Run cargo bench -p ndn-engine for pipeline throughput numbers on your hardware. The main cost centers are TLV decode (scales with name length), CS lookup (depends on backend and hit rate), and PIT operations (O(1) via DashMap hash lookup). The pipeline is designed so that a CS hit short-circuits before most of the Interest pipeline runs, which is where the zero-copy Bytes storage pays off the most.

How do I profile ndn-rs?

The library uses the tracing crate for structured logging with per-packet spans. Set RUST_LOG=ndn_engine=trace for detailed per-packet traces, or RUST_LOG=ndn_engine=debug for a less verbose view of forwarding decisions. For CPU profiling, cargo flamegraph or perf record on the ndn-fwd binary will show you where time is spent.

Development

How do I add a new face type?

See the Implementing a Face guide. The short version: implement the Face trait (recv and send), add a FaceKind variant, and register with the FaceTable.

How do I add a custom forwarding strategy?
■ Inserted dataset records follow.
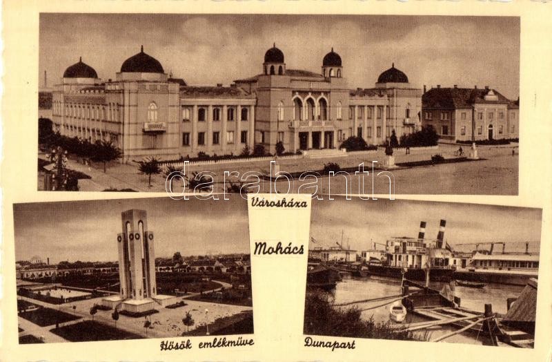 Mohács, városháza, Hősök emlékműve https://www.darabanth.com/de/423-Fernauktion/423.0/Ansichtskarten/Ungarn~1500004/Mohacs-varoshaza-Hosok-emlekmuve~II1720587
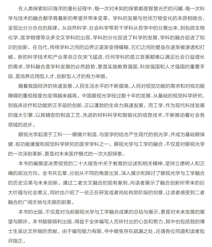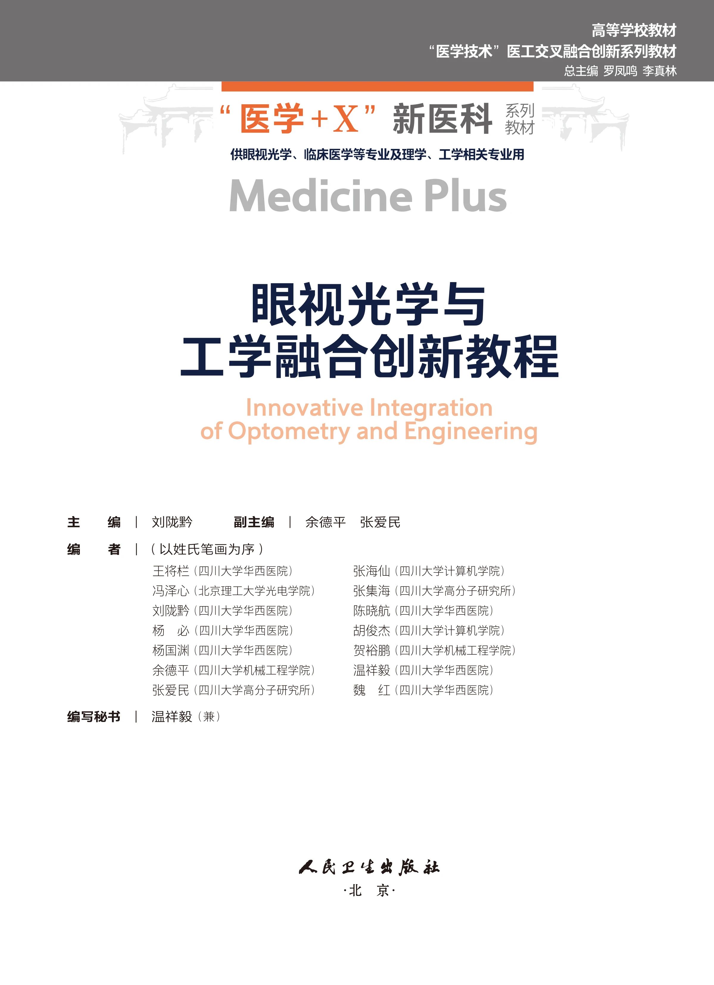 《眼视光学与工学融合创新教程》作为“‘医学+X’新医科系列教材”子系列中的一本,由四川大学华西临床医学院(华西医院)医学技术学院副院长兼眼视光学系主任刘陇黔担任主编。本书共五章,分别从眼视光学与光学、眼视光学与材料、眼视光学与机械制造等角度出发,深入展示和探讨了眼视光学与工学融合的历史沿革与未来创新。通过眼视光学与工学交叉融合的现有案例,向读者展示了融合创新所带来的巨大价值与社会意义,同时也介绍了一些正在研发或者尚处构思阶段的创意,让读者感受到二者融合的广阔天地与无限的前景。
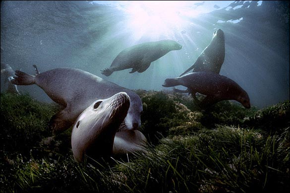 海狮:大卫·杜比勒特在澳大利亚小霍普金斯岛的海草丛中,发现这些海狮正在戏耍玩闹。
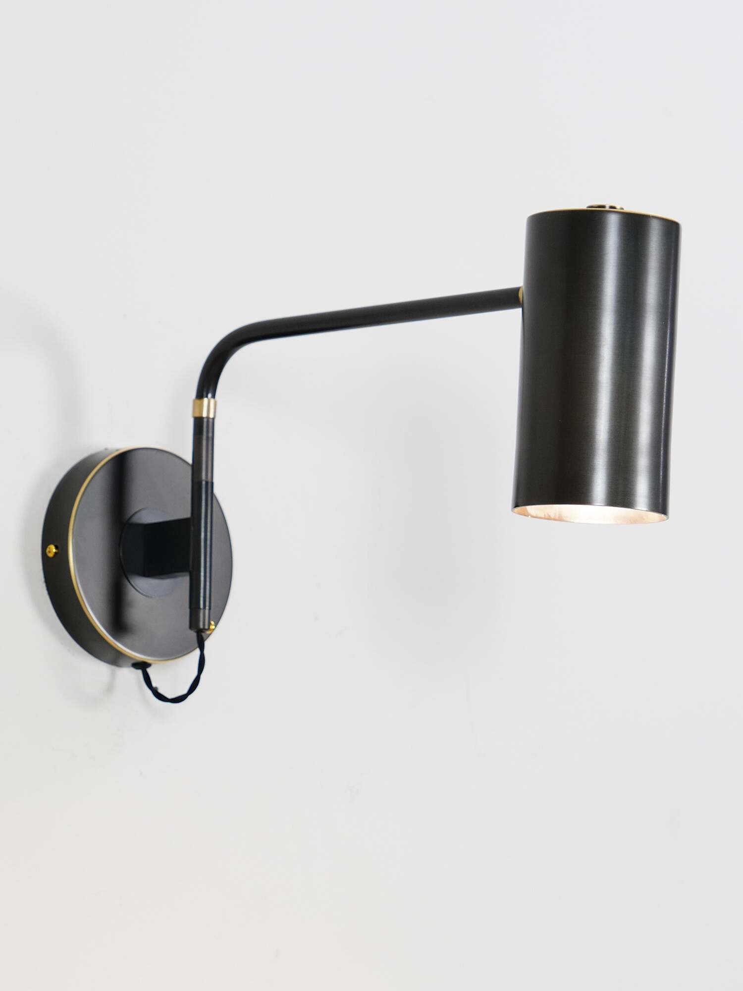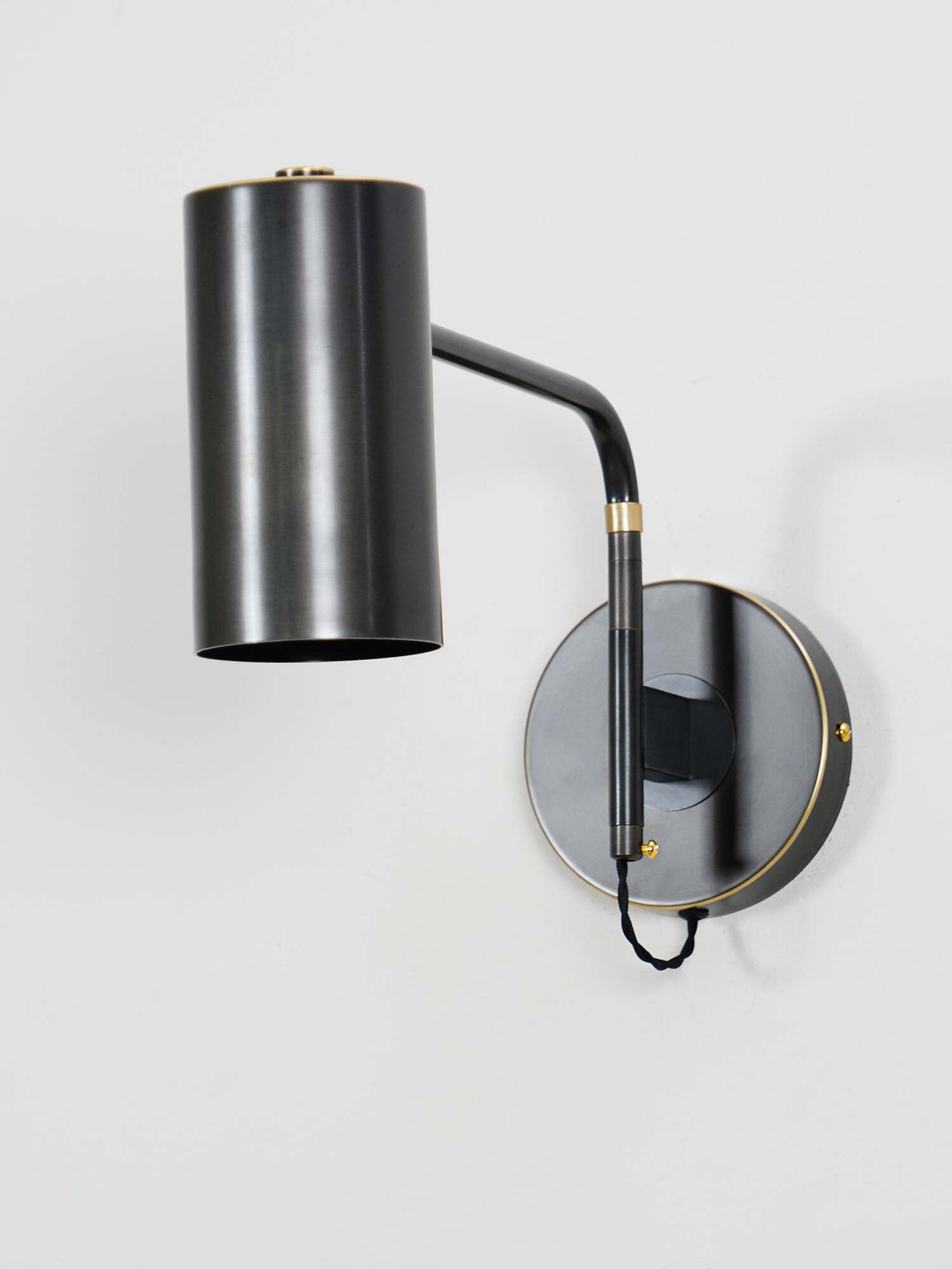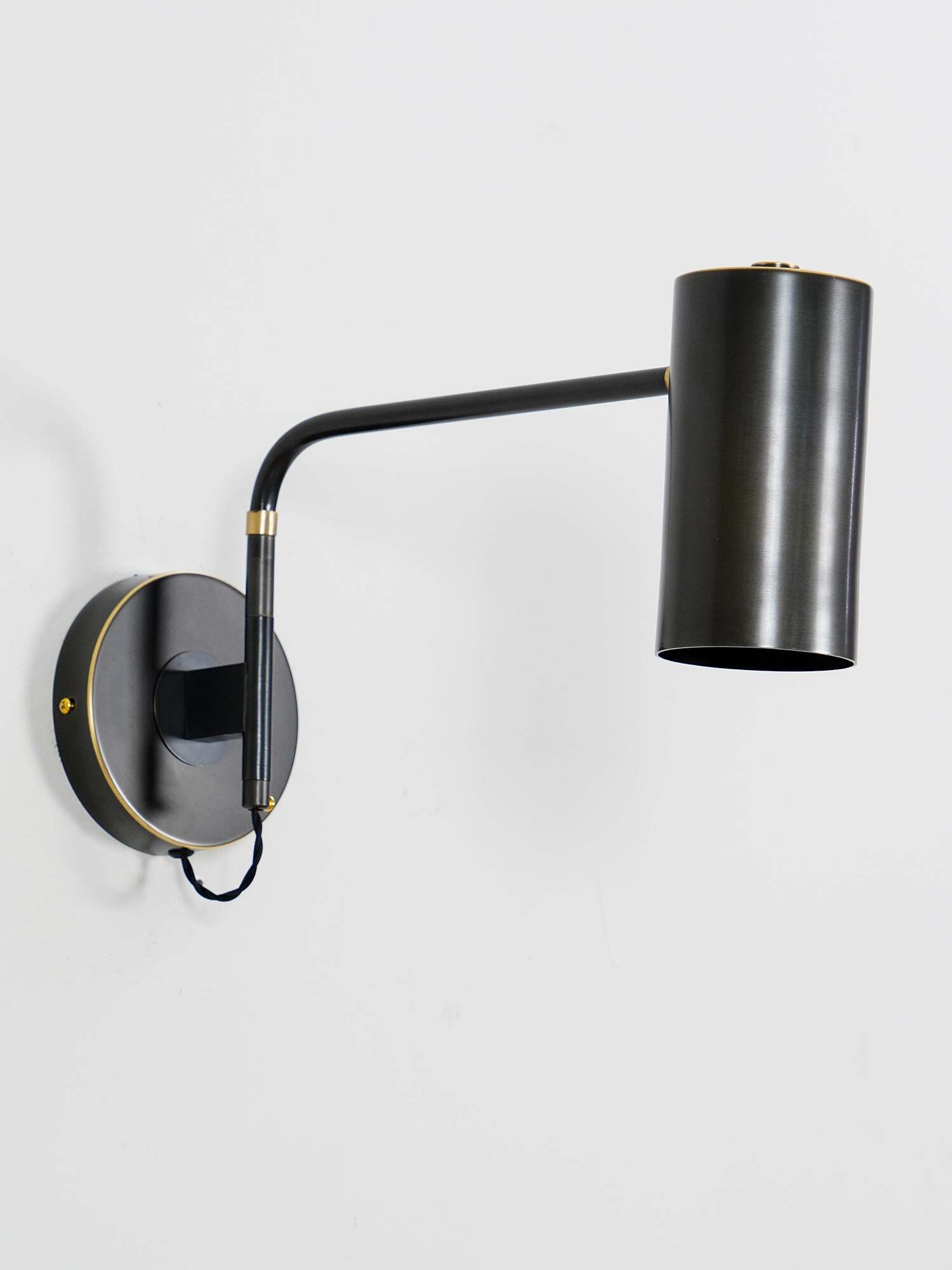 Evoking the clean lines of mid-century modern design, the Envoy Swing Sconce offers an elegant portal to the past. Ideal for task lighting, the solid brass swing arm rotates to deliver light wherever it's needed while the cylindrical shade casts a warm linear glow.

See the Implementing a Strategy guide. Implement the Strategy trait, which receives an immutable StrategyContext and returns a ForwardingAction, then register via the StrategyTable.

How do I run the benchmarks?

cargo bench -p ndn-packet    # Name operations
cargo bench -p ndn-store     # Content Store (LRU, Sharded, Fjall)
cargo bench -p ndn-engine    # Full pipeline
cargo bench -p ndn-faces  # Face latency/throughput
cargo bench -p ndn-security  # Signing and validation

See Benchmark Methodology for details.